I get an initial connection and then curl hangs. I get a bunch of repeated lines in the sslh logs

forward to tls failed:connect: connection timed out

If i use the interface 10.80.82.1:4443 directly from curl, I am able to connect to the web server. This is what makes me believe it is a firewall issue as sslh seems to be taking the connection and trying to forward it. The webserver seems to be running properly. I have been looking at this for several weeks and cannot seem to find my error. Any ideas what is wrong? If I get rid of transparent proxying it does work.
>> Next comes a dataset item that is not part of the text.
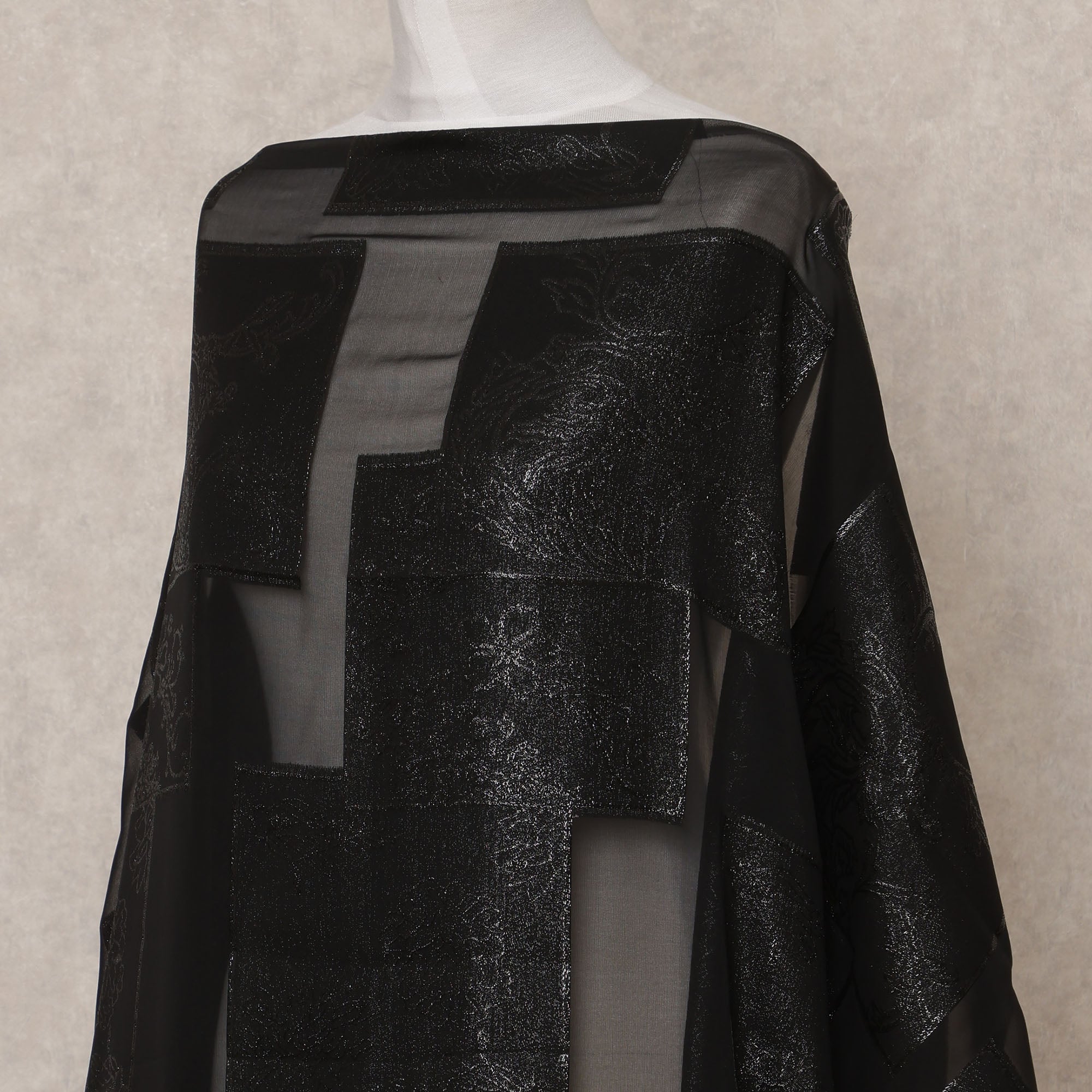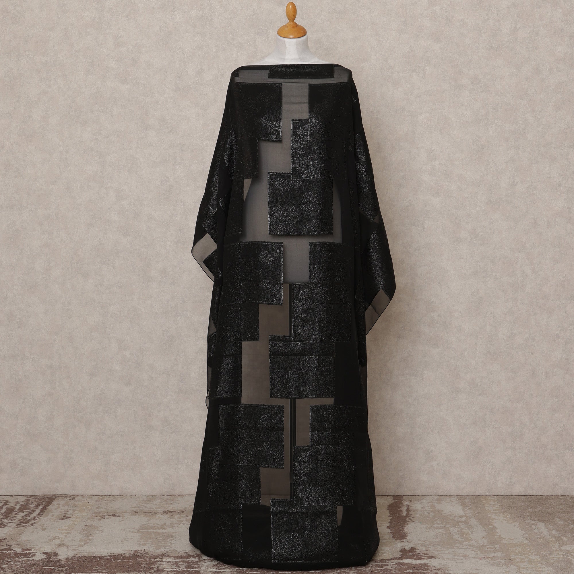 قماش ديراك شيفون حريري صومالي أسود داكن، مع لوركس معدني، يُبرز أناقة خالدة بنمط هندسي عصري منسوج بلمعان أسود لامع.... اقرأ أكثر اقرأ أكثر
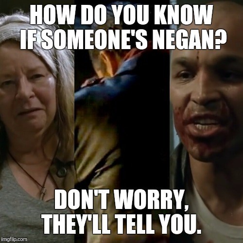 Meme the walking dead negan. Caption a meme or image make a gif make a chart make a demotivational flip through images. Negan is a masterful addition to the walking dead season 7 because he is in many ways the nightmare a straight conservative man might conjure. From negan being everywhere and everyone to rick biting some people here is the walking dead. There is no reason to believe he will not continue to survive especially as jeffrey. Jeffrey dean morgan and steven ogg image. 25 eat don t eat one of the biggest differences between negan and rick is the fact that negan is desensitized to the people around him whereas rick can feel empathy. A man who sexually humiliates you while also.

However, that makes it hard to log for my web server

ftasnetamot commented 1 month ago

First: You write about sslh config, but you are showing as first file your firewall configuration. For an easy setup of sslh not a single firewall rule is needed. Next: You sslh configuration in the next file contains more comments, than configuration. If you wish, that people are looking to it, please remove all unneeded lines. Makes life easier.

Have you read this and this

As I see no routing configuration in your docu?